• Exercise aim:
Pictures aside, every line of the listing should be given again exactly.

• Collected data:
────────
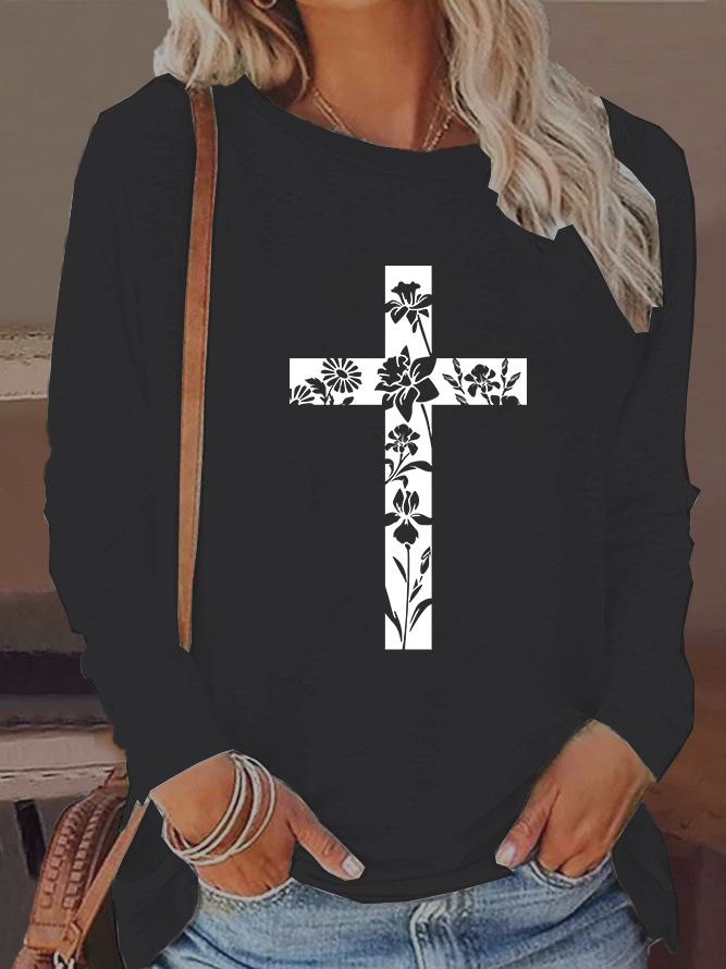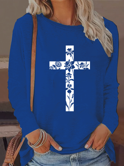 Cross With Flowers Christian Cotton Women's Long Sleeve T-Shirt
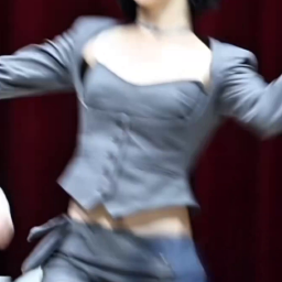다크 그레이 컬러의 크롭 재킷과 코르셋 스타일의 톱을 착용했습니다. 재킷은 어깨 라인이 강조된 짧은 기장으로, 코르셋 톱 위에 걸쳐 입어 시크하면서도 과감한 분위기를 연출합니다. 코르셋 톱은 바스트 라인을 강조하며 중앙에 단추 디테일이 있어 클래식한 코르셋의 특징을 보여줍니다. 소재는 매트한 질감의 가죽 또는 인조 가죽으로 보이며, 지방시나 발렌시아가와 같은 브랜드에서 볼 수 있는 구조적인 디자인과 유사한 느낌을 줍니다.
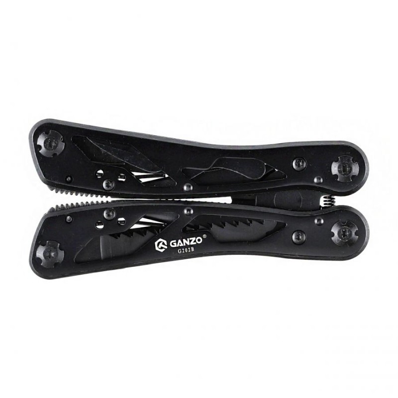 Na pokładzie multitoola Ganzo G202-B zaimplementowano aż 25 przydatnych narzędzi, dzięki czemu mamy pod ręką praktyczny niezbędnik, który pozwala na przeprowadzenie wielu drobnych napraw. Dzięki rozmieszczeniu narzędzi na zewnętrznych stronach rękojeści, mamy dostęp do wszystkich funkcji multitoola bez potrzeby rozkładania go. Głównym narzędziem Ganzo G202-B są sprężynujące kombinerki, które zapewniają wygodną i sprawną pracę.
────────
• Answer to this problem:
 Cross With Flowers Christian Cotton Women's Long Sleeve T-Shirt
다크 그레이 컬러의 크롭 재킷과 코르셋 스타일의 톱을 착용했습니다. 재킷은 어깨 라인이 강조된 짧은 기장으로, 코르셋 톱 위에 걸쳐 입어 시크하면서도 과감한 분위기를 연출합니다. 코르셋 톱은 바스트 라인을 강조하며 중앙에 단추 디테일이 있어 클래식한 코르셋의 특징을 보여줍니다. 소재는 매트한 질감의 가죽 또는 인조 가죽으로 보이며, 지방시나 발렌시아가와 같은 브랜드에서 볼 수 있는 구조적인 디자인과 유사한 느낌을 줍니다.
 Na pokładzie multitoola Ganzo G202-B zaimplementowano aż 25 przydatnych narzędzi, dzięki czemu mamy pod ręką praktyczny niezbędnik, który pozwala na przeprowadzenie wielu drobnych napraw. Dzięki rozmieszczeniu narzędzi na zewnętrznych stronach rękojeści, mamy dostęp do wszystkich funkcji multitoola bez potrzeby rozkładania go. Głównym narzędziem Ganzo G202-B są sprężynujące kombinerki, które zapewniają wygodną i sprawną pracę.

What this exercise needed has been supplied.